Сколько раз потом благословлял Адашев в сердце своём тот миг, когда по совету кого-то из добрых приятелей его пришёл он года два назад к этой вдове с просьбой: помочь, если может, страдальцам, что жили у него на подворье в строеньице том незаметном. Помочь-то она помогла, и очевидное, хотя и несильное, облегчение наступило у многих из них от мазей и заговоров её… А только увидели они друг друга с Марией в ту самую первую их встречу — и как будто громом поразил их обоих Господь! Забилось сердце у сурового правителя государства Московского, задохнулся он от волнения, внезапно нахлынувшего на него, и подкосились ноги у Марии Магдалины, и поняли они, что никакой силе на земле отныне их друг от друга не оторвать.

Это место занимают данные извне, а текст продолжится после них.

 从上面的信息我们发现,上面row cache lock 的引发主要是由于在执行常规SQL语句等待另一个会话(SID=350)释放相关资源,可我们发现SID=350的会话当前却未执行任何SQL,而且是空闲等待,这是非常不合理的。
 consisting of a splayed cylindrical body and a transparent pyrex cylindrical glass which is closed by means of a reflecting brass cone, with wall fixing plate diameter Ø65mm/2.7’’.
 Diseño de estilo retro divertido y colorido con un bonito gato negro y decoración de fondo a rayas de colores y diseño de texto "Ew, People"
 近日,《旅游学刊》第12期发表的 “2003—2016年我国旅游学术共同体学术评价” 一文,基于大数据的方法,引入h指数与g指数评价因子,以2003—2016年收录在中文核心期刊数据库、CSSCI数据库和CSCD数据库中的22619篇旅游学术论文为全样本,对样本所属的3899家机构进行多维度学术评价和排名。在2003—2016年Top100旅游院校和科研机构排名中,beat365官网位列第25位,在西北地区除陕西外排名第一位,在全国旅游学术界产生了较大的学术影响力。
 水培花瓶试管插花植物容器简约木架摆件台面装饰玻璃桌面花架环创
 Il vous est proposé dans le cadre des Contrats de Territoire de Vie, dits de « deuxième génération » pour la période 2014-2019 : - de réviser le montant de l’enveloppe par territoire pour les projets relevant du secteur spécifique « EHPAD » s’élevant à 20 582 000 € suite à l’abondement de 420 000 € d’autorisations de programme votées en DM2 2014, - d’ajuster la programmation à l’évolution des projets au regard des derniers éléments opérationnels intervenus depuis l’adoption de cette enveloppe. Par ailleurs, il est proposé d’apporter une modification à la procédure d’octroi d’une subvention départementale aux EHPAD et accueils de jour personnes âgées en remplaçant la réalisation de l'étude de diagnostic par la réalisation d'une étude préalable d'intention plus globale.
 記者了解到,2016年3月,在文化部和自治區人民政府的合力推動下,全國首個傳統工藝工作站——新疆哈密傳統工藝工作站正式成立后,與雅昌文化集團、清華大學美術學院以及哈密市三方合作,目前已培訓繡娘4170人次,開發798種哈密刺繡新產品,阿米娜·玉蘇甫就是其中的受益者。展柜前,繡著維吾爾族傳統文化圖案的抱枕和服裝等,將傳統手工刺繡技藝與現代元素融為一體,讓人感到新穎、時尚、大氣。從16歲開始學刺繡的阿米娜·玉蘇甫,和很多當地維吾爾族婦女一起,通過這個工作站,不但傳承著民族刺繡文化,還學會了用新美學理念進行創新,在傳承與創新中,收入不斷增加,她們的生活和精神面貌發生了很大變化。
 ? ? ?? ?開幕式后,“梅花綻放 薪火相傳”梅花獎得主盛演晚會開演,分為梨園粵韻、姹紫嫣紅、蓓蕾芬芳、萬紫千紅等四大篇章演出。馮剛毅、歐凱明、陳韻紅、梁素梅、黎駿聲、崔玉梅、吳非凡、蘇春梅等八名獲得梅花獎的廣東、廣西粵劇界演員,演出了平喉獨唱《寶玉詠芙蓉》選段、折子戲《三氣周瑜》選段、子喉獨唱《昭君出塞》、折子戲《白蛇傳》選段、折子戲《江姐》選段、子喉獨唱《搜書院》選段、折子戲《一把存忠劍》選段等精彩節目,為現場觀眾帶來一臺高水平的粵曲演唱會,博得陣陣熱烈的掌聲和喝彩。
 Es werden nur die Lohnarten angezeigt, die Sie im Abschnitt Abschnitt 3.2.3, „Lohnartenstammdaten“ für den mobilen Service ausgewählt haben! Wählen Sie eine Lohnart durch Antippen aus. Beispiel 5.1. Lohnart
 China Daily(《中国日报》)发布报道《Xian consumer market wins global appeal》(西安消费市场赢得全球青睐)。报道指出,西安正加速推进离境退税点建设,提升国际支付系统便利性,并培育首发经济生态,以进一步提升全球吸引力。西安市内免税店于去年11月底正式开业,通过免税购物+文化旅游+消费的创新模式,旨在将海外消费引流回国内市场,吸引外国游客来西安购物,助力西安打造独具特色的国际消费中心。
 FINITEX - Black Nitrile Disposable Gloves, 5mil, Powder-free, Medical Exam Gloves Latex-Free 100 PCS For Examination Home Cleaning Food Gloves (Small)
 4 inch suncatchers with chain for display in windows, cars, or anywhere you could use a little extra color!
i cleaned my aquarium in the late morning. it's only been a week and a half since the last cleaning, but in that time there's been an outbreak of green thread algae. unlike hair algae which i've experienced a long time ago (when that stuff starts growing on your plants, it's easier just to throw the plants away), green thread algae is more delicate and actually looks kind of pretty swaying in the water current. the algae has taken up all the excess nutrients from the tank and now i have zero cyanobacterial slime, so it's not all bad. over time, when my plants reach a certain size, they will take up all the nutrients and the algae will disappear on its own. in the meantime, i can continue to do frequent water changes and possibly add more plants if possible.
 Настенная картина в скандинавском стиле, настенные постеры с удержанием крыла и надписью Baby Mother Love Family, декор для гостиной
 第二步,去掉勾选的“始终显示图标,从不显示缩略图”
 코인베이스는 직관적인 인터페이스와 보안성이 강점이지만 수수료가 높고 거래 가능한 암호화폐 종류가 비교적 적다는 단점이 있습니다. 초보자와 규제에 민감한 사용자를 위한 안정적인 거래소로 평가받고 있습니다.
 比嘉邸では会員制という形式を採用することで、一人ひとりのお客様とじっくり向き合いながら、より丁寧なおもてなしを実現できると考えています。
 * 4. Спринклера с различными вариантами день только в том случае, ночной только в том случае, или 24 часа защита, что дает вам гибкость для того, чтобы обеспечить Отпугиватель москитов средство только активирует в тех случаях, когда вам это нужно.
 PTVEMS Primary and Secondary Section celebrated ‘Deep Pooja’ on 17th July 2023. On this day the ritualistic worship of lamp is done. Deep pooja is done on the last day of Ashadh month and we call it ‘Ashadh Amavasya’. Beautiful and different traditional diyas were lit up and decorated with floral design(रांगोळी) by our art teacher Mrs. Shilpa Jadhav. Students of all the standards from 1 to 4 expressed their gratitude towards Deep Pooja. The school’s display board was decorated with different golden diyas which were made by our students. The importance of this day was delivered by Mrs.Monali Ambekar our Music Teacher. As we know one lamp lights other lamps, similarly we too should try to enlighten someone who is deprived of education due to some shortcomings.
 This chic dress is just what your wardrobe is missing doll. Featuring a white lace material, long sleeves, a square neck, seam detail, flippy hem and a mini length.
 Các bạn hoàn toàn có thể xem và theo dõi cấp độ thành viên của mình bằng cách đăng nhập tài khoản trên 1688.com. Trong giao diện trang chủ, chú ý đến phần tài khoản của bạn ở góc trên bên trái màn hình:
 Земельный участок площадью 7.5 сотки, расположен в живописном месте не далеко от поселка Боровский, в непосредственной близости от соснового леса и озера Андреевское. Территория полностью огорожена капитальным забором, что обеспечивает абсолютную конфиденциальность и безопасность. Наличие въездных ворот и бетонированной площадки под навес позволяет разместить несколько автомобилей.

И был между ними грех. И был тот грех и мукою, и отрадою, и счастьем им обоим. И не раз просыпались они в объятиях друг друга в слезах, очнувшись от тяжких видений своих ночных, что грозили им проклятием и погибелью в жизни вечной за преступное блаженство их. Но ещё теснее прижимались они тогда друг к другу, и осушал он губами своими слёзы у неё на ресницах, и тянула рука её его к себе. И опять уносила их страсть в иной мир, где никого не было, кроме них, а были только они, и горе их, и их любовь…
Невелик был прок от бывшего канцлера и постельничего царского в ратном деле! Давно отвык он за бумагами да за долгими сидениями у государя в думе от пороха и крови. И хотя не раз, тяготясь ненужностью своею, порывался он сам вести войска московские на крепостные стены, начальник его, боярин Иван Фёдорович Мстиславский, ему то неизменно запрещал и из шатра своего не выпускал.